Sakamoto: O que a vitória de um socialista em Nova York ensina à esquerda brasileira?

Atualizado em 2 de julho de 2025 às 11:59
Zohran Mamdani durante primárias do Partido Democrata em Nova York – Foto: David ‘Dee’ Delgado/Reuters

Por Leonardo Sakamoto, no UOL

A recente vitória de Zohran Mamdani, o candidato socialista pelo Partido Democrata em Nova York, nas primárias à Prefeitura da maioria cidades dos Estados Unidos, e a reação do próprio partido nos últimos dias, abriram um novo capítulo, não apenas no debate sobre o que significa ser de esquerda por lá, mas também sobre até onde vai o compromisso real do establishment democrata com a democracia.

Diante da vitória de um candidato abertamente anticapitalista, que propôs uma agenda radical e concreta voltada para as necessidades da classe trabalhadora, o pânico tomou conta do partido. Em vez de reconhecer a legitimidade da vitória e a potência das pautas que ela representa, setores dominantes do Partido Democrata começaram a articular manobras para esvaziar Mamdani e impedir que sua candidatura se consolide como símbolo de uma virada possível.

O que se vê é uma operação para isolá-lo, difamá-lo e, se possível, neutralizá-lo, tudo para impedir que sua vitória inspire outros movimentos semelhantes.

O que não surpreende, mas ainda assim abala, é que se percebe, com essa reação dos democratas do establishment, que o principal compromisso da ala dominante do partido é com os interesses de classe das mesmas elites políticas e econômicas de sempre. Diante de um candidato que enfrentou bilionários, questionou o lobby do governo Benjamin Netanyahu e defendeu a causa palestina em plena Nova York, não se acanhou em defender os direitos das mulheres e pessoas trans, e, ainda assim, venceu, a resposta não foi de celebração democrática, mas de contra-ataque.

O primeiro-ministro de Israel, Benjamin Netanyahu – Foto: Reprodução

E não apenas da direita, mas também do próprio partido que o abrigou. Republicanos e democratas tradicionais estão, juntos, em modo de emergência. Porque Mamdani não apenas venceu: ele mostrou que é possível vencer com uma proposta diferente.

É um padrão que nós, no Brasil, conhecemos bem. Nem mesmo quando a esquerda comprova sua capacidade de vencer eleições com pautas voltadas à classe trabalhadora e às maiorias marginalizadas, a cúpula partidária se rende a essas lutas. O discurso de que “é preciso dialogar com o centro” persiste como mantra intocável, mesmo quando a história recente prova que ele serve, na prática, para esterilizar a potência transformadora da política. Preferem perder eleições a se comprometer com um realinhamento das pautas históricas da esquerda.

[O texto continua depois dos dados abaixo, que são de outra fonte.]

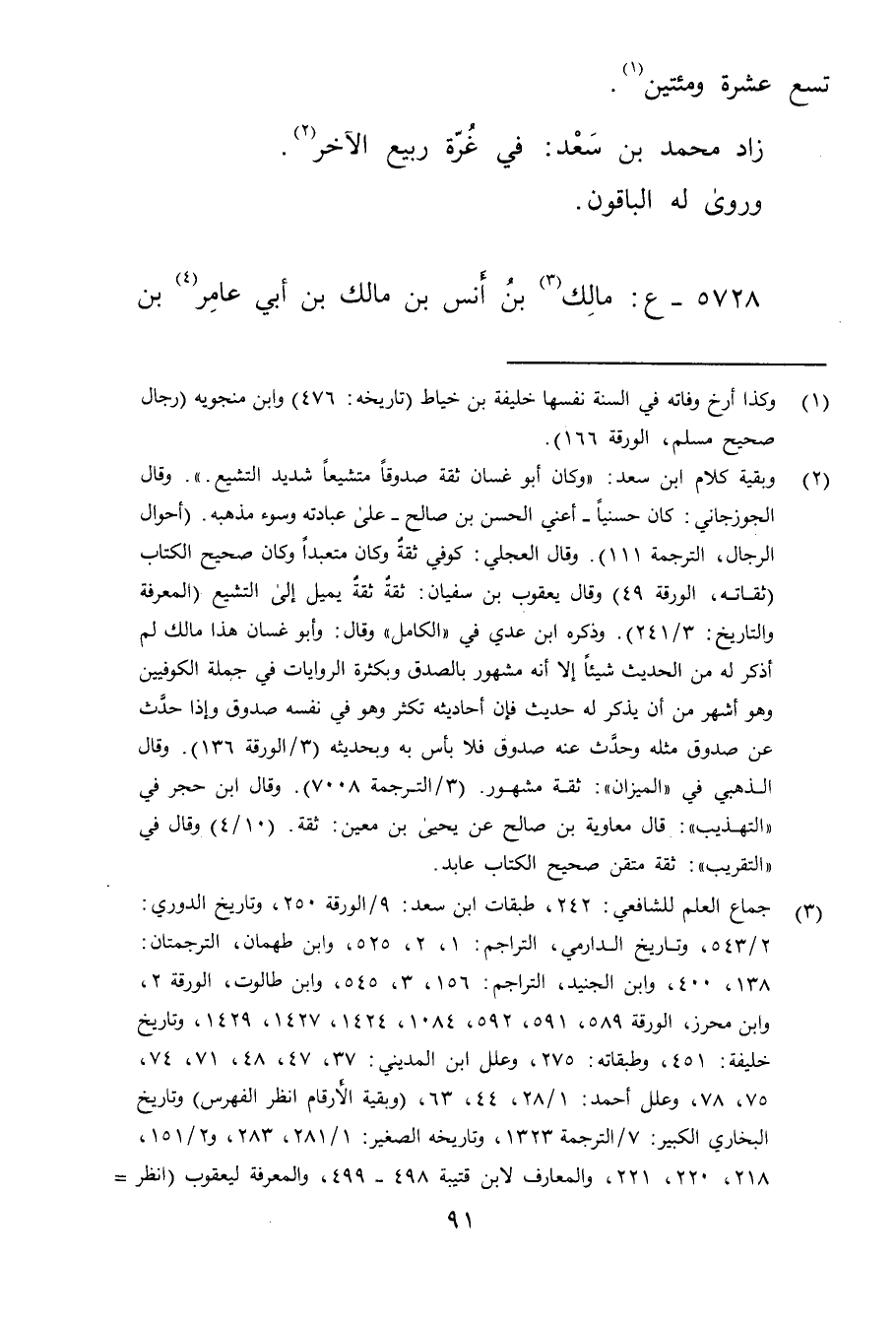 (3) جماع العلم للشافعي: 242، طبقات ابن سعد: 9 / الورقة 250، وتاريخ الدوري: 2 / 543، وتاريخ الدارمي، التراجم: 1، 2، 525، وابن طهمان، الترجمتان: 138، 400، وابن الجنيد، التراجم: 156، 3، 545، وابن طالوت، الورقة 2، وابن محرز، الورقة 589، 591، 592، 1084، 1424، 1427، 1429، وتاريخ خليفة: 451، وطبقاته: 275، وعلل ابن المديني: 37، 47، 48، 71، 74، 75، 78، وعلل أحمد: 1 / 28، 44، 63، (وبقية الارقام انظر الفهرس) وتاريخ البخاري الكبير: 7 / الترجمة 1323، وتاريخه الصغير: 1 / 281، 283، و2 / 151، 218، 220، 221، والمعارف لابن قتيبة 498 - 499، والمعرفة ليعقوب (انظر =
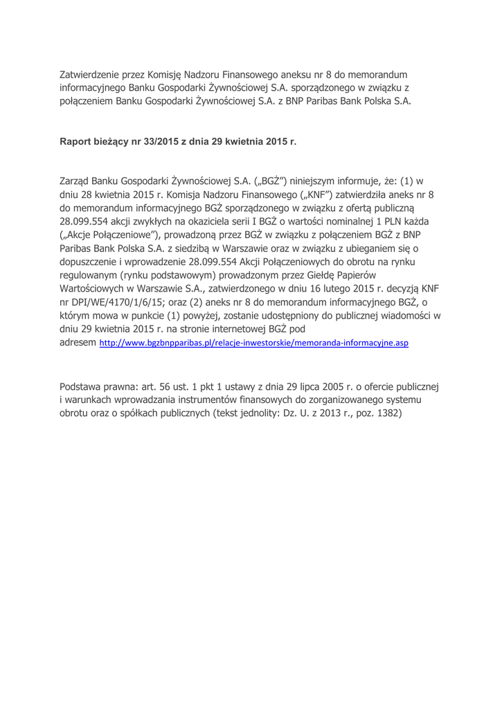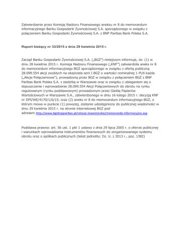 Zatwierdzenie przez Komisję Nadzoru Finansowego aneksu nr 8 do memorandum informacyjnego Banku Gospodarki Żywnościowej S.A. sporządzonego w związku z połączeniem Banku Gospodarki Żywnościowej S.A. z BNP Paribas Bank Polska S.A. Raport bieżący nr 33/2015 z dnia 29 kwietnia 2015 r. Zarząd Banku Gospodarki Żywnościowej S.A. („BGŻ”) niniejszym informuje, że: (1) w dniu 28 kwietnia 2015 r. Komisja Nadzoru Finansowego („KNF”) zatwierdziła aneks nr 8 do memorandum informacyjnego BGŻ sporządzonego w związku z ofertą publiczną 28.099.554 akcji zwykłych na okaziciela serii I BGŻ o wartości nominalnej 1 PLN każda („Akcje Połączeniowe”), prowadzoną przez BGŻ w związku z połączeniem BGŻ z BNP Paribas Bank Polska S.A. z siedzibą w Warszawie oraz w związku z ubieganiem się o dopuszczenie i wprowadzenie 28.099.554 Akcji Połączeniowych do obrotu na rynku regulowanym (rynku podstawowym) prowadzonym przez Giełdę Papierów Wartościowych w Warszawie S.A., zatwierdzonego w dniu 16 lutego 2015 r. decyzją KNF nr DPI/WE/4170/1/6/15; oraz (2) aneks nr 8 do memorandum informacyjnego BGŻ, o którym mowa w punkcie (1) powyżej, zostanie udostępniony do publicznej wiadomości w dniu 29 kwietnia 2015 r. na stronie internetowej BGŻ pod adresem http://www.bgzbnpparibas.pl/relacje-inwestorskie/memoranda-informacyjne.asp Podstawa prawna: art. 56 ust. 1 pkt 1 ustawy z dnia 29 lipca 2005 r. o ofercie publicznej i warunkach wprowadzania instrumentów finansowych do zorganizowanego systemu obrotu oraz o spółkach publicznych (tekst jednolity: Dz. U. z 2013 r., poz. 1382)

A moderação vira fetiche, não estratégia. O que está em jogo é a manutenção de um sistema que serve aos de sempre.

Tradicionalmente, “realismo” virou palavra-código para recuo. Para abrir mão de bandeiras importantes em nome de uma ilusória viabilidade eleitoral. O problema é que essa lógica ignora justamente quem mais precisa da política: a maioria da população.

E é aí que a vitória de Mamdani vira um divisor de águas. Ele não suavizou seu discurso, não trocou convicções por marqueteiros. Pelo contrário: propôs tarifa zero no transporte público, controle de preços de aluguéis, e até políticas municipais de alimentos a preços justos. Ou seja, uma agenda radical, mas totalmente compreendida pelos trabalhadores.

E mais: sustentou suas posições mesmo quando sabia que poderia pagar caro por elas. Foi atacado como “muçulmano radical” e acusado de antissemitismo, enfrentando um nome estabelecido do partido, ligado à velha guarda, com apoio de bilionários e da máquina partidária. Isso não foi um acidente: foi uma demonstração de força popular.

O Brasil tem muito a aprender com essa experiência. Há pautas objetivas, como a tarifa zero e a jornada 6×1 para trabalhadores, a ampliação do direito ao aborto e as políticas de cuidado para as mulheres, que têm apelo transversal e poderiam estruturar um programa político forte, ligado à vida concreta da maioria. Mas seguimos assistindo candidaturas de esquerda abrindo mão de seus princípios para parecerem “governáveis”. Quando a esquerda abandona bandeiras que a direita considera radicais, perde sua razão de existir — e, com ela, perde o apoio da base popular.

Ser realista, portanto, não é desistir de transformar: é assumir com coragem os compromissos que podem, de fato, mudar a vida da maioria.

A vitória de Mamdani mostra que há espaço para uma esquerda que não tem medo de ser o que é. Cabe a nós, aqui e agora, decidir se vamos seguir tentando caber na camisa de força do centro ou se teremos a ousadia de construir um novo horizonte político.